La furgoneta pone entonces rumbo al Paseo Zorrilla para hacer la «ruta de los cajeros». Muy despacito -la poca circulación de la noche lo permite-, para ir comprobando si hay personas durmiendo dentro de estos pequeños habitáculos, recorre el kilómetro largo de la principal vía de Valladolid. En uno de ellos, como estaba previsto, los voluntarios encuentran a Juan y Rafael. Un vecino de la zona explica que ha llegado a haber hasta cinco personas pasando la noche en ese cajero, una de ellas una chica con tres perros. Ahora son sólo dos pero Rafael, que supera los 60 años y bien podría pasar por Papa Noel por su poblada barba blanca, es un viejo conocido al que por las mañanas, antes de las ocho, hora en la que tienen que abandonar el cajero porque el banco abre sus puertas, suelen llevar algún alimento con el que pueda desayunar.

Ahora, de noche y aunque ya estaba durmiendo -su compañero no se ha llegado a incorporar- recibe con agrado a los tres representantes de Cruz Roja que le llevan un chocolate, pastelitos y agua. Cuando abandonan el local, un joven se dispone a usar el cajero con total normalidad, mientras Juan y Rafael permanecen tumbados, el primero dentro de un saco de dormir; el segundo, envuelto en mantas.
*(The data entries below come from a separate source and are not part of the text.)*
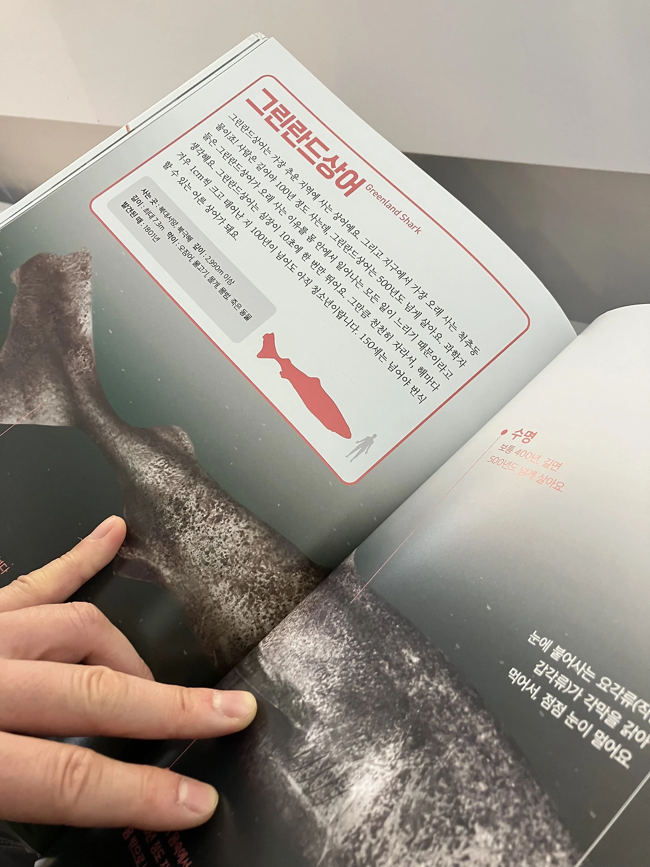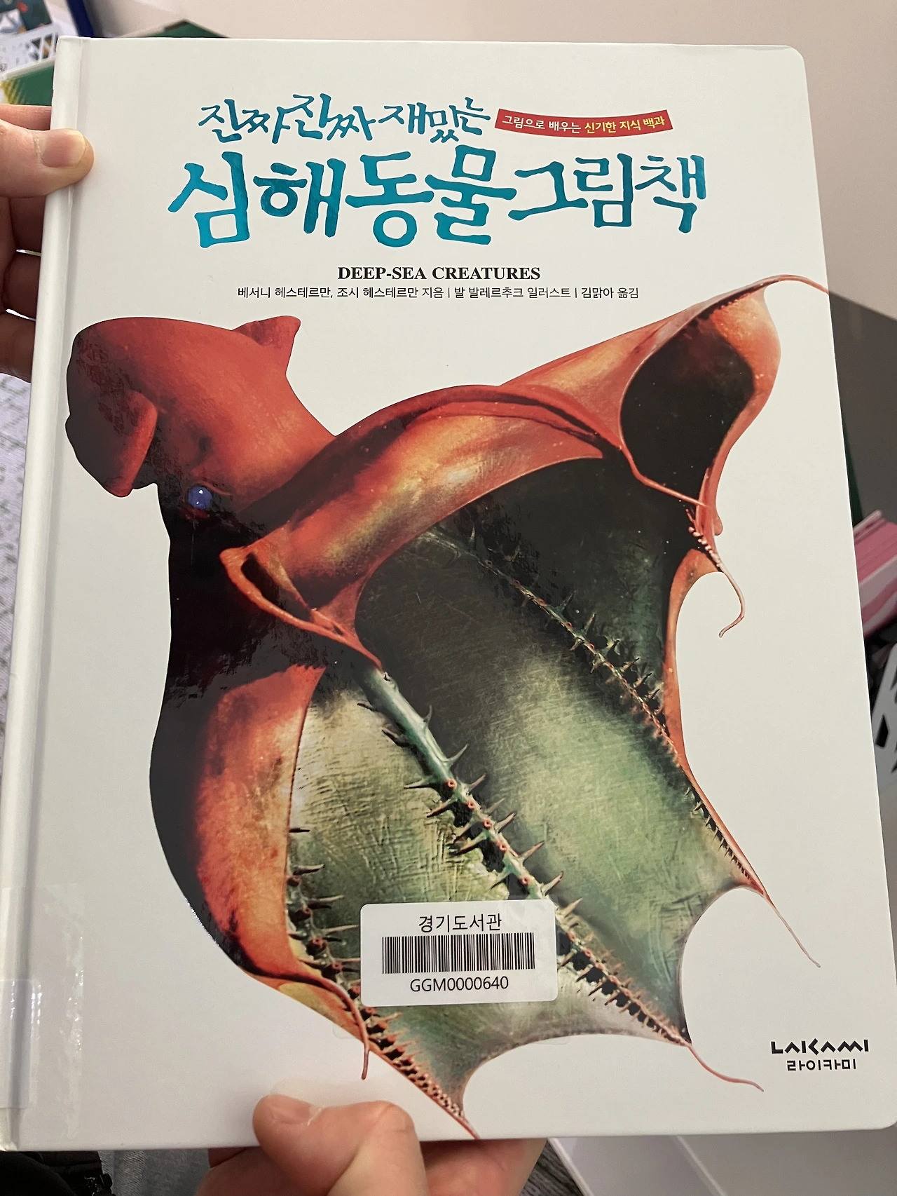 지역도서관에 자주 들러 책구경하는 것을 즐기는 편인지라, '새롭고 신기하다'라는 느낌을 받게 되는 책은 흔하지 않아요. 그런데 경기도서관의 어린이도서코너에서 아주 흥미로운 책을 발견했답니다. 여러분은 혹시 심해에도 많은 생명체들이 살고 있다는 사실을 알고 계시나요? 보통 '심해'라고 하면, 햇빛이 들지 않아 생명체의 광합성이 가능하지 않은, 수심 200미터 이하를 말한다고 해요. 100미터 전력 달리기의 출발선에서 보이는 결승선과의 거리마저도 아득하게 느껴지는 저로서는, 바닷속 200미터는 상상조차 하기 힘든 깊이로 다가오는데요, 무려 수심 3천 미터 이하에 사는 상어가 있다고 합니다. 이름하여 '그린란드상어'. 녀석의 수명은 자그마치 오백 년도 더 된다고 해요. 의아한 점이, 녀석이 최초로 발견된 때가 1801년이라고 하는데, 어떻게 수명이 오백 년 이상이란 사실을 알 수 있었을까 하는 것이에요. 탄소측정 같은 과학적 방법들이 동원되었으리라 어렴풋이 짐작은 가지만요.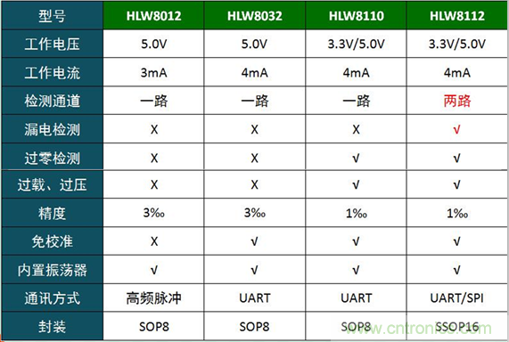 三、HLW8012/HLW8032/HLW8110/HLW8112對比表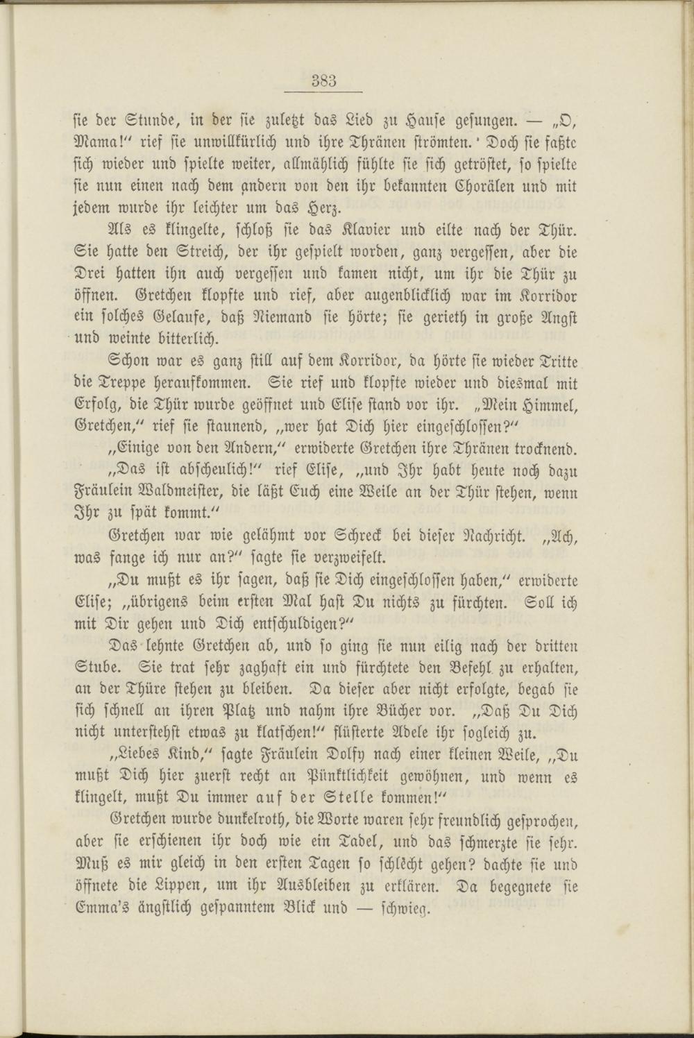Als es klingelte, schloß sie das Klavier und eilte nach der Thür. Sie hatte den Streich, der ihr gespielt worden, ganz vergessen, aber die Drei hatten ihn auch vergessen und kamen nicht, um ihr die Thür zu öffnen. Gretchen klopfte und rief, aber augenblicklich war im Korridor ein solches Gelaufe, daß Niemand sie hörte; sie gerieth in große Angst und weinte bitterlich.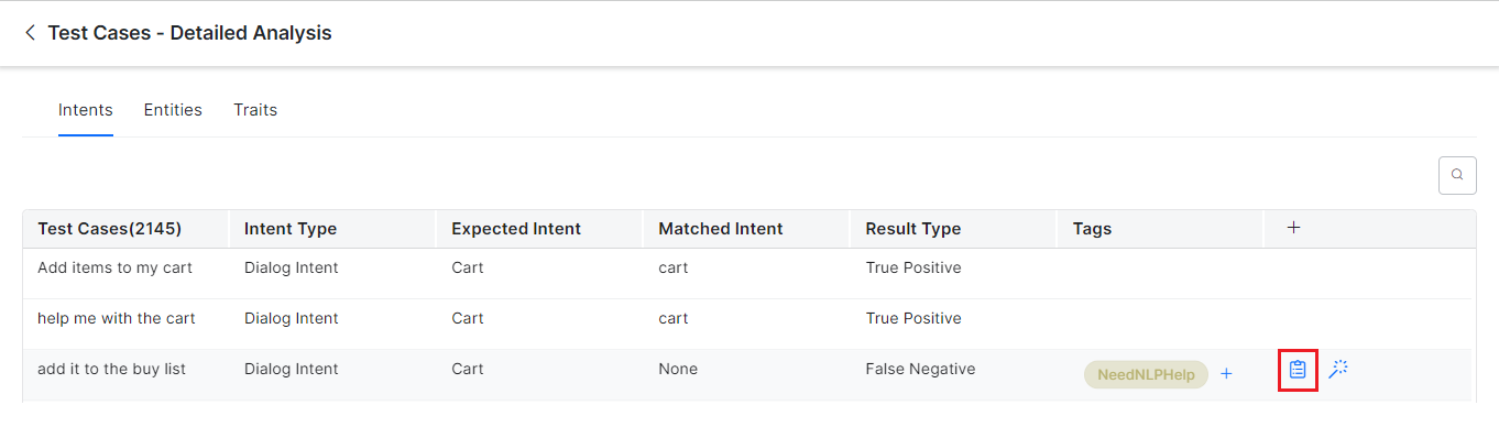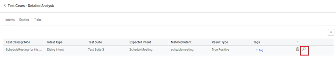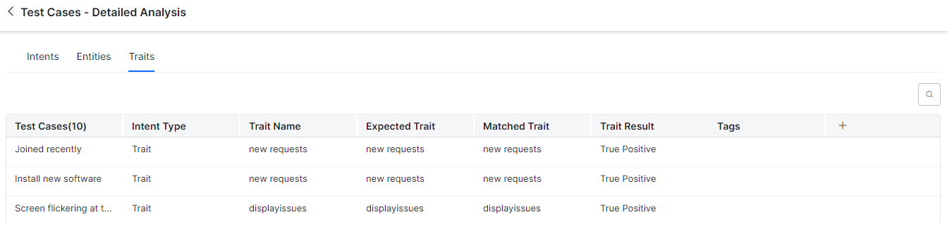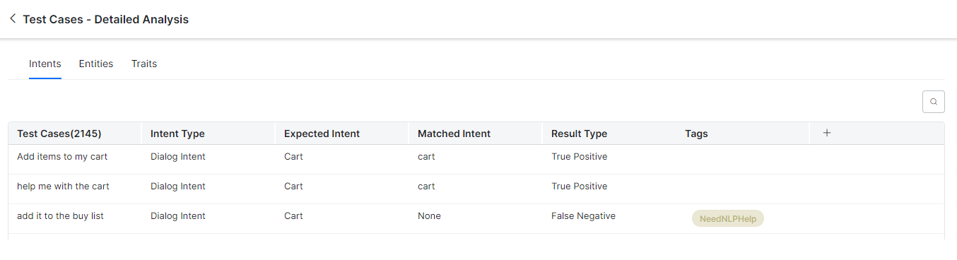 To view the Details section, in the Test Cases – Detailed Analysis window, click the Intents, Entities, or Traits tab. A summary table with the following details is displayed: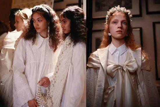 Simone Rocha 能把珍珠元素用得特别浪漫。它把珍珠一字夹带火后,仙女们头顶的珍珠发箍,也轻盈高贵。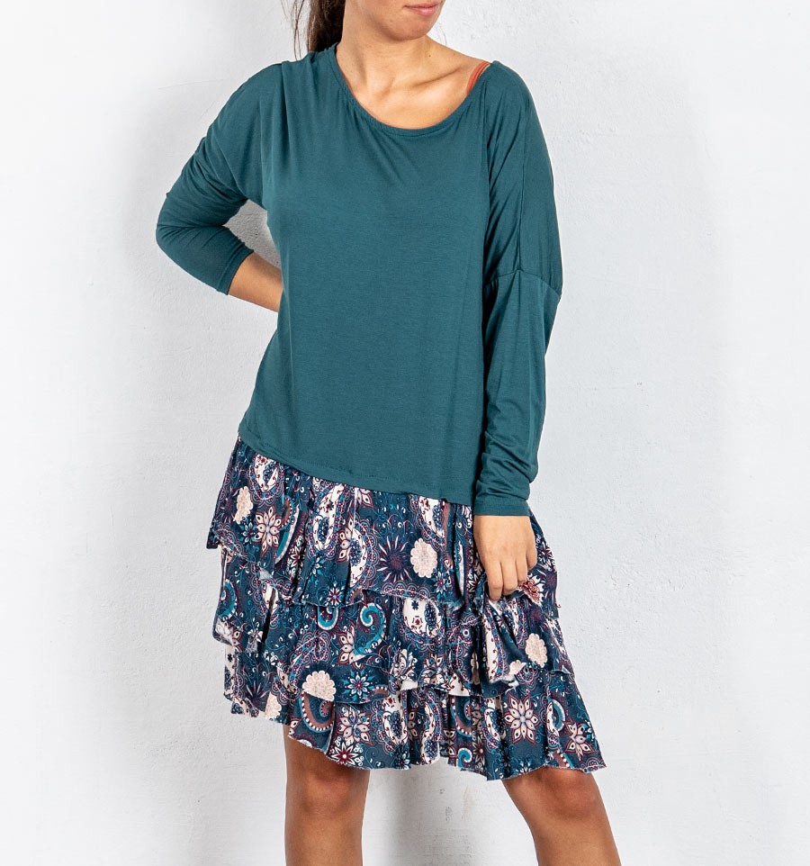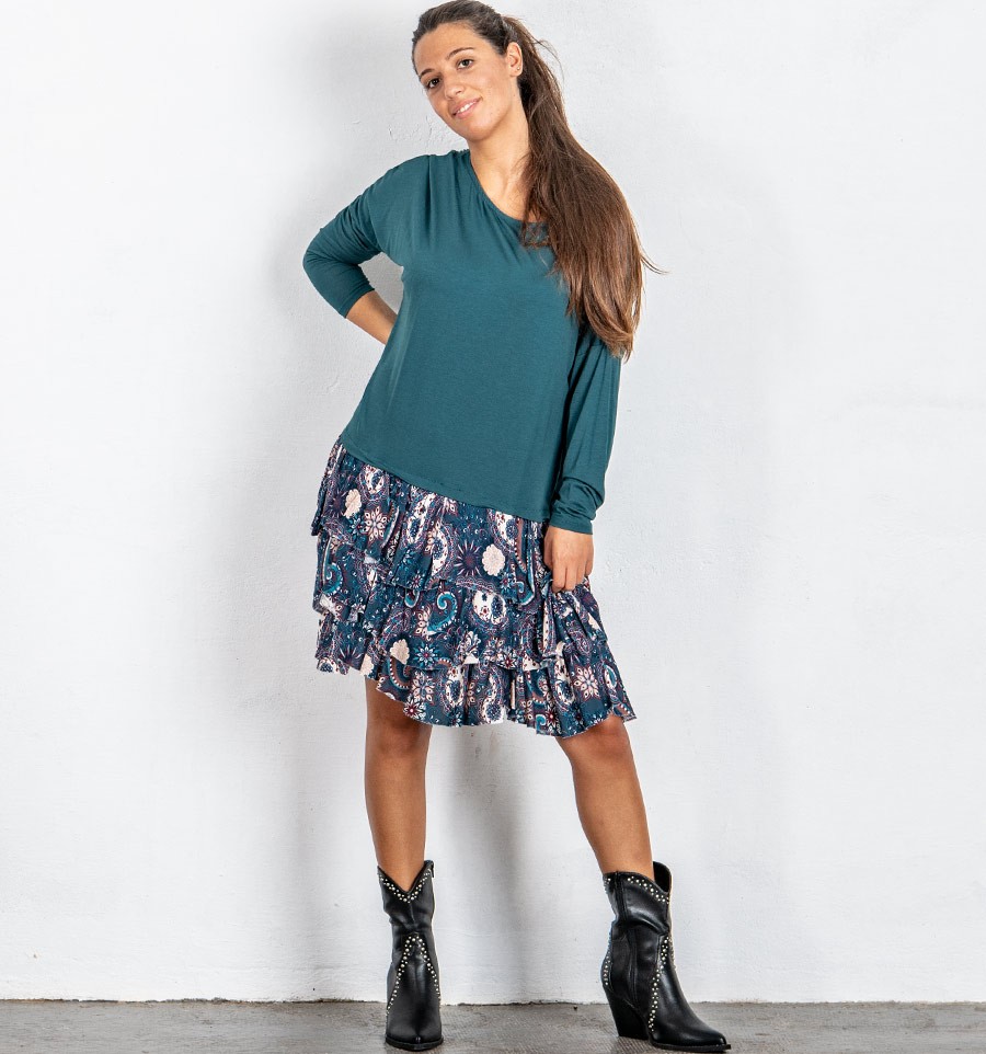 Os ares dos anos sessenta emanam deste vestido largo e curto com gola redonda e saia com babados em peças cortadas. Agaram, vestido de manga comprida com estampado na saia. Gostamos dos babados, o detalhe que ilumina qualquer estilo!

No muy lejos, otro «sin techo» descansa ya al abrigo del cajero. No está de muy buen humor porque sigue sin poder encontrar una habitación que pueda pagar con sus escasos recursos. Jorge y Salva charlan un rato con él mientras se toma su caldo y narra sus penurias. Tampoco José, que duerme no muy lejos en unas instalaciones públicas, está hoy de buenas. «No son días fáciles», le justifica María. Salir de la rutina complica mucho su ya difícil existencia, más aún cuando en Navidad la soledad pesa como una losa. Así que José se acerca a la furgoneta para recoger su caldo y su bollo y desaparece con rapidez, momento en el que los voluntarios de Cruz Roja descubren, tumbado en un banco, a un hombre de mediana edad al que hacía meses que no veían. Es la oportunidad perfecta para acercarse a él y, entre café y café, conocer su situación y entablar un primer acercamiento con ánimo de perdurar.

El reloj avanza hacia la una de la madrugada, pero aún quedan media docena de usuarios con los que contactar, así que la Unidad de Emergencia Social vuelve al centro de la ciudad para seguir callejeando con la única pretensión de hacer compañía a quienes peor lo están pasando.